● What you are asked to do: Images don't belong in the copy. Output the rest of the data exactly.

● Source data:
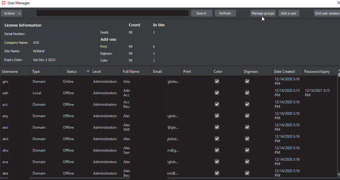 Remote Access GVD (using Admin account) and navigate to the “User Manager” window
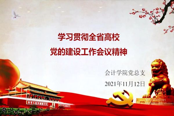会计学院学生第一党支部代表王洪雨老师、学生第二党支部代表冯云珠老师、教工党支部代表李晓硕老师、学生党员代表李泓静带领师生一起学习贯彻全省高校党的建设工作会议精神。
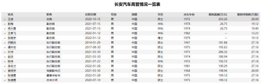朱华荣时代最直观的体现就是干部年轻化。2020年新上任的总裁王俊今年50岁,2022年已经有两名80后升任高管,其中副总裁王孝飞生于1982年,今年刚满40岁,执行副总裁李名才生于1981年,41岁,对于长安汽车这种老国企来说,四十岁升任副总裁,是非常不常见和极其有魄力的。
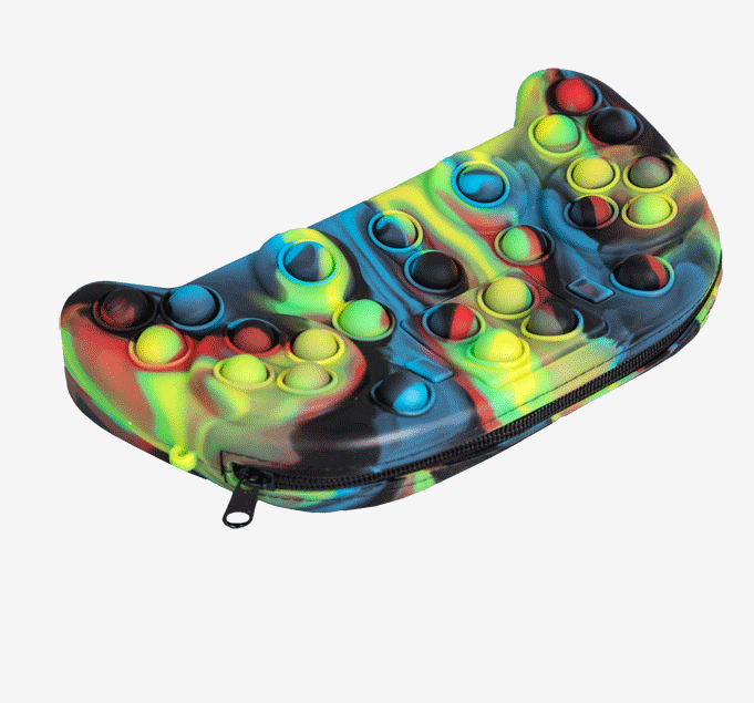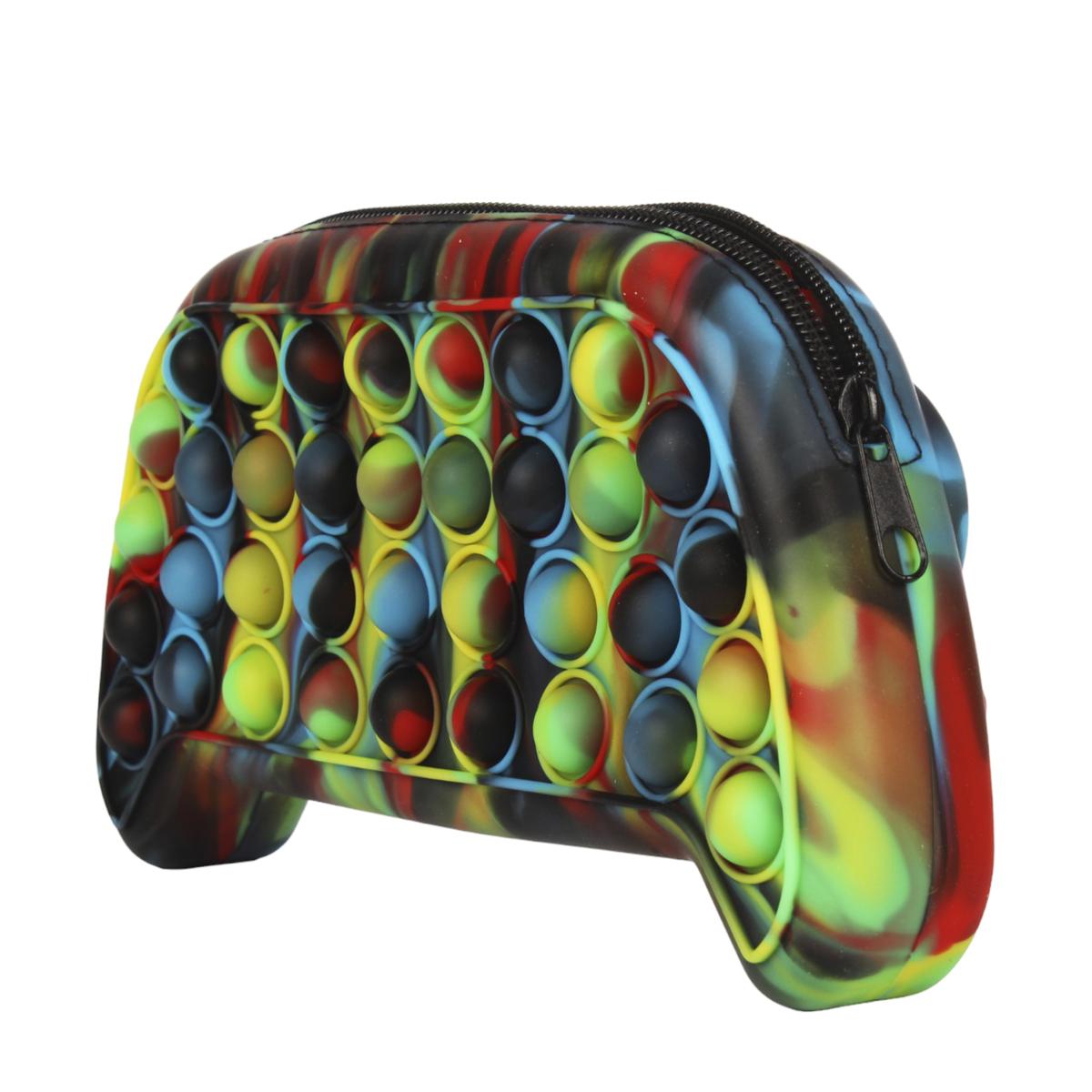 Пенал-джойстик силиконовый "Pop It Level Up Game", 23x12x4,5 см, черно-красно-желтый тай-дай, на молнии

● Reply:
 Remote Access GVD (using Admin account) and navigate to the “User Manager” window
会计学院学生第一党支部代表王洪雨老师、学生第二党支部代表冯云珠老师、教工党支部代表李晓硕老师、学生党员代表李泓静带领师生一起学习贯彻全省高校党的建设工作会议精神。
朱华荣时代最直观的体现就是干部年轻化。2020年新上任的总裁王俊今年50岁,2022年已经有两名80后升任高管,其中副总裁王孝飞生于1982年,今年刚满40岁,执行副总裁李名才生于1981年,41岁,对于长安汽车这种老国企来说,四十岁升任副总裁,是非常不常见和极其有魄力的。
 Пенал-джойстик силиконовый "Pop It Level Up Game", 23x12x4,5 см, черно-красно-желтый тай-дай, на молнии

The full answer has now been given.